Introduction
Upper extremity deep vein thrombosis (UEDVT) is defined as thrombosis of either subclavian, axillary and/or brachial vein [1]. The etiology can be subdivided into primary, in which the cause would be either idiopathic or due to anatomical variation such as in the thoracic-outlet syndrome; and secondary, i.e., due to central venous catheters and cardiac pacemaker implantation [2]. The thrombus is most frequently located in the left subclavian vein in its proximal portion, due to the route used for transvenous lead placement [3]. The presence of multiple leads poses a higher risk of venous thrombosis than a singular lead [4]. In the last few decades, the incidence of UEDVT has steadily increased, just in 2018, it accounted for 2–3% of cases with DVT [5] while in 2021 for 6% [6].
Case report
A 57-years old woman with a pacemaker (PM) implanted in 1996 due to 3rd-degree atrioventricular block, was admitted to the hospital for replacement of the stimulating system. About the patient’s medical history, she had myocarditis in childhood and nowadays is suffering from paroxysmal supraventricular tachycardia which is treated with sotalol. On admission, the patient was hemodynamic stable and had no major complaints. In electrocardiogram there was effective atrial and ventricular stimulation with a ventricular response rate of 75/min. Laboratory tests revealed an increased serum concentration of N-terminal pro-brain natriuretic peptide (226 pg/mL), while other parameters were within their respective reference ranges. A transthoracic echocardiography demonstrated a normal left ventricle size with a good global contraction and ejection fraction of around 60%, a normal left ventricle diastolic function, and small mitral and tricuspid regurgitation.

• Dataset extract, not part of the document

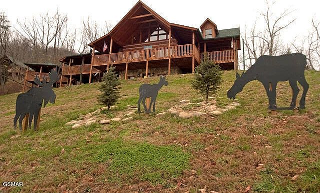 Sitting atop its own private ridge, this true hand-hewn log cabin offers an unforgettable Smoky Mountain experience with 3,277 sq. ft., 3 bedrooms, 5 bathrooms, and a spacious bonus room. Every bedroom boasts long-range mountain vistas, and the home's 3 levels provide abundant space to spread out, relax, and enjoy. Nothing was spared in the building or decorating of this one-of-a-kind retreat, complete with high-end furnishings and thoughtful design details throughout. The main level welcomes you with soaring ceilings and a dramatic chandelier in the great room, where a wall of windows frames the mountains in spectacular fashion. A grand stone fireplace with floor-to-ceiling stonework and hearth serves as the centerpiece, surrounded by leather seating—including a loveseat lounger and plush couch—creating a cozy and inviting atmosphere. An open dining area and fully equipped kitchen make gathering easy, while two generous bedroom suites provide comfort and privacy. Step onto the expansive deck—accessible from both suites and the great room—for breathtaking views. Relax in log chairs, rockers, or the swing, or head around to the side patio where you'll find a grill, Green Egg smoker, and a beautiful outdoor stone fireplace surrounded by log furnishings. A child-sized table and chairs create a sweet play area for little ones, while a separate hot tub pavilion offers the ultimate relaxation with incredible views. Upstairs, the loft provides a welcoming game area, accented with whimsical stuffed bears tucked into the rafters and custom ironwork railings. Two more private bedroom suites on this level continue the tradition of space, style, and sweeping views. The lower level is designed for fun and entertainment. A tiered theater area with large-screen TV is ideal for movie nights, while a pool table and a dedicated video game room ensure hours of enjoyment. A convenient full bathroom and walk-out patio round out this level, giving guests even more ways to relax and unwind. Offered fully furnished and turnkey, this luxury cabin is already a strong rental performer with Hearthside Cabin Rentals, who have successfully managed it since construction. Whether you're looking for a profitable investment or a private Smoky Mountain retreat, this hand-hewn log masterpiece has it all. Be sure to view the attached Matterport tour courtesy of Hearthside Cabin Rentals.

The replacement of PM was complicated by the hemorrhage from the PM-pocket. Due to the use of a large-diameter mechanical electrode release system, significant local bleeding was observed both during electrode release and after the removal of the system. The patient lost 1000 mL of blood and the presence of fluid in the pericardium was observed (without the impending cardiac tamponade). The patient received intensive fluid therapy, 1 unit of erythrocyte concentrate, and noradrenaline via continuous i.v. infusion. In the following days, the patient remained stable and the control echocardiographies revealed no expansion of fluid in the pericardium. Prior to the procedure, she was neither taking anticoagulation nor antiplatelet medication.
On the second day after the procedure, the woman started to complain about pain, cyanosis and edema of her upper left limb. On closer examination, there was no palpable pulse detected on the left upper limb, but the warmth was preserved. The performed doppler ultrasonography revealed thrombosis of the left internal jugular, subclavian and axillary vein, as well occlusion of the left radial artery and a residual thrombus in the proximal part of the right internal jugular vein.
Anticoagulation treatment was initiated with rivaroxaban yielding clinical improvement. Taking the occlusion of the left radial artery into consideration, compression therapy of the left arm was not recommended, instead, the patient’s left upper limb was solely kept elevated. According to the vascular-surgical consultation that case posed no indication for invasive treatment of thrombosis and suggested continuation of the conservative management.
Discussion
The pathogenesis of venous obstruction is related to the presence of a foreign body, i.e., the pacemaker leads in the blood vessel which injures endothelium causing disturbance in laminar blood flow and therefore activates factors involved in the Virchow’s triad and subsequent thrombosis and/or fibrosis [3]. The risk factors of UEDVT consist of age over 40 years old, prior episodes of venous thromboembolism, cancer, family history of venous thromboembolism, New York Heart Association III or IV heart failure, arrhythmia, venous anomalies, tobacco smoking and use of oral contraception or hormone replacement therapy [7]. The most frequent cause is the catheterization of the central vein for constant drug administration, parenteral nutrition or inserting leads for PM [8].
The UEDVT develops from several days to years after implantation of the device [8]. In the described case, several factors probably contributed to the development of thrombosis in a relatively short time after pacemaker implantation (after 2 days). Our patient is 57 years old, had no previous anticoagulation treatment, and has a negative family history of hemostatic disorders.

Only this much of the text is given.